Why should security professionals be concerned? According to research from Gartner, around 16 per cent of all servers within enterprise IT environments are now virtualised, and the firm expects this to increase to around 50 per cent by 2012. The market leader in this space, VMware, now has over 150,000 customers. Microsoft's virtualisation product Hyper-V is effectively free with the latest version of Windows Server, encouraging take-up of the technology and making it more accessible to the smaller business.

With any technology that is growing in importance to enterprises of all sizes, it is expected that malware writers will attempt to attack the virtualised environments, either to hijack workloads or steal critical data. An example of how virtualisation is being considered alongside security is the Payment Card Industry's Data Security Standard, where a Special Interest Group has been set up to discuss the role of virtualisation within retailers' networks, as well as how this has an impact on protecting credit and debit card payment data.

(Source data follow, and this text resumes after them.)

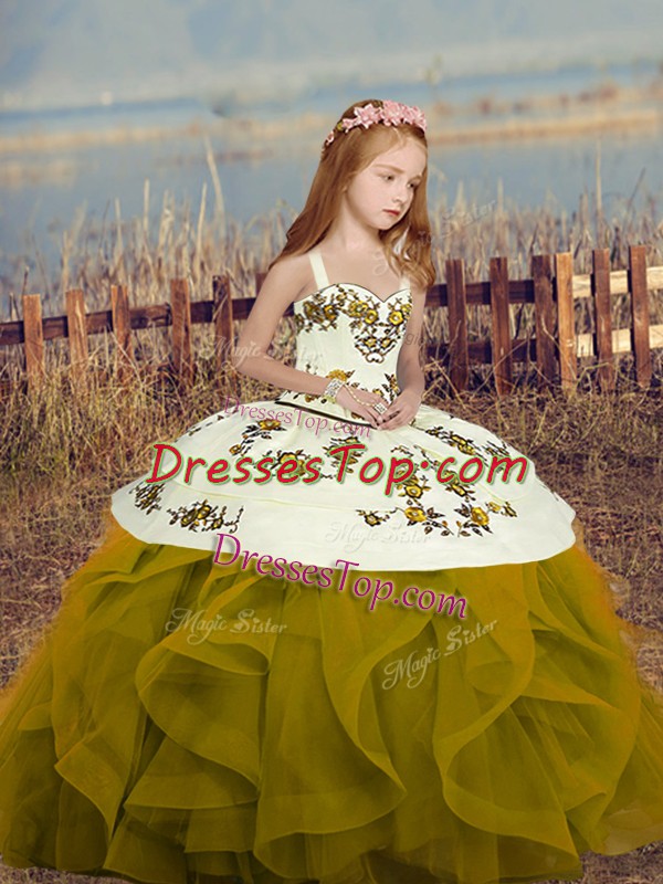 Floor Length Olive Green Pageant Gowns For Girls Sleeveless Embroidery and Ruffles
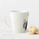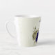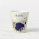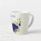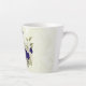 Magnifique tasse latte romantique avec des fleurs bleues royales et beiges et quelques feuilles .
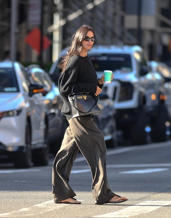 Почти все лето мы не видели Ирину Шейк в сводках папарацци, но в начале учебного года модель сделала исключение. Она отправилась в школу за дочерью, подобрав стильный и расслабленный лук в темных тонах. Его основа — свободные брюки изо льна и плотный кашемировый свитер в черном цвете. А в завершении — сумка Hermes Kelly, коих в гардеробе Шейк больше чем у любой звезды.
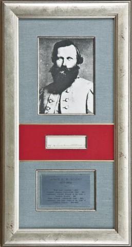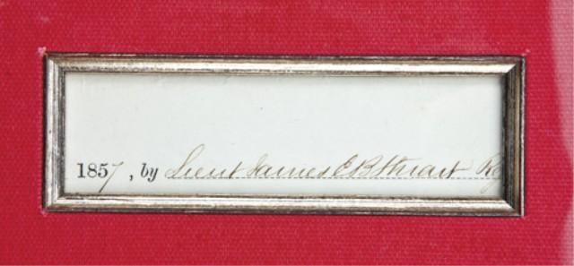 Clipped signature of James E. B. Steward (J.E.B. Stewart) 1857, signed as a Liutennant. Approx. 1-1/4” by 4-1/8”. Professionally framed and matted in southern patriotic motifs, red and grey colors, approx. 22 1/2” by 13-1/4”. Broker’s name on back, Museum of Historical Documents. Jeb Stewart was the right hand of Robert E. Lee throughout his career. Est: $300 - $600

There are three main attack targets on a virtualised environment:

- The virtual machine workload, which will consist of an OS, applications and data, similar to a traditional server workload;

- The hypervisor itself;

- The management APIs that are used to control the virtual machines and integrate with other IT management products.

For the security team, the biggest issue facing them is often not being involved in the implementation of virtualisation in the first place. As this technology has often started Life in test and QA environments, it has not been part of security's remit. As the use of...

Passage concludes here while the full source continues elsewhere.